In short, attempting to be progressive by using 40-year old musical building-blocks is both bad for the music, and embarrassing to the band. Creating something really progressive, i.e. innovative and fresh, would have been much better, but obviously not within this group's reach. So, proving that they are able to write decent pop choruses, I think Yes should be focussing on that market.

Oh wait, that's what Asia's for.

Maybe we just don't need Yes any more!!!


Hah!  I thought that exactly!  Asia always had the "pop-prog" formula down in a way that Yes could only dream, sadly.  

Squire seems to be rather obsessed with going back in time vs. forward....he said this about the 90125 band ("going back to our rock & roll roots" to paraphrase the man), and now he's trying to go the prog-route, while also trying to get a hit single! 

To his credit, FFH is a decent album in some ways, and it is charting respectably, so if this is a swan-song effort for this band, so be it.  

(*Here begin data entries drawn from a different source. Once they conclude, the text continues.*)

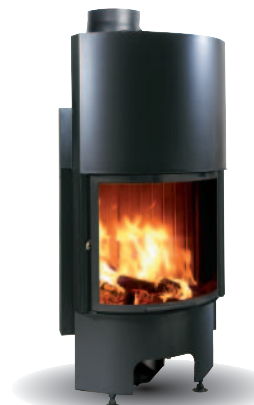
DRZWICZKI PÓŁOKRĄGŁE GILOTYNOWE

Ogrzewa do 90 m 2 Zużycie drewna 3 kg/godz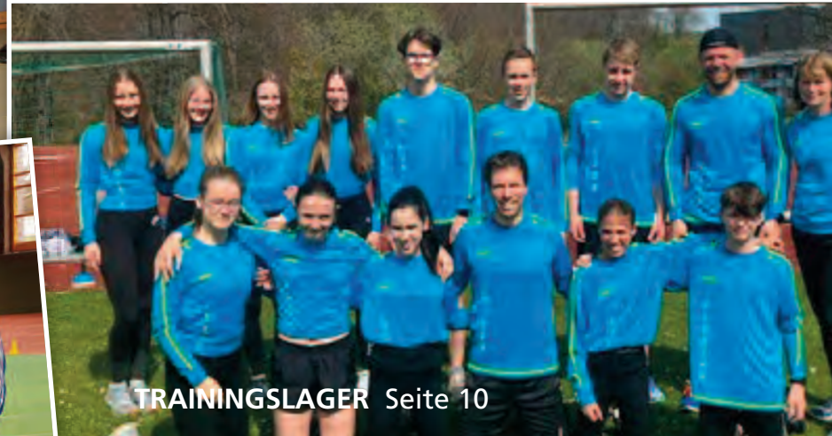
TRAININGSLAGER Seite 10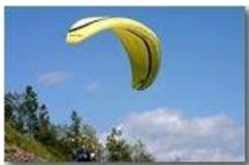
Parapendio fase 3: la decisione è presa, si va!

Pietro Marcheselli - Canon EOS 300D 2006 - Estate - Savignone - Altro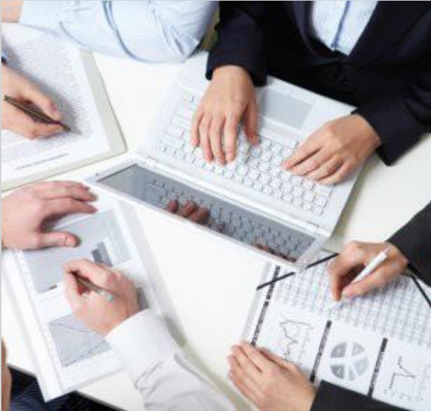
Besprechen wir uns! Wir freuen uns auf Sie.

Squire's never had much success outside of the Yes formula....just a glance at his discography vs. other members of the band shows that.  Besides "Fish" (a superb album that is 40 years old), he did a bit with Conspiracy, his attempt with Syn and that's about it.   I think he's an excellent & innovative bassist without much in the way of composing talent. 

Howe's efforts with Asia and, recently, his little jazz-trio ensemble (which does some very cool treatment of Yes classics) are more genuine and impressive to me.   However, they came one last time to drink at the trough of the Yes tour cash-cow, this time I think the cow is drier than in the past.  Pity, it didn't have to be this way.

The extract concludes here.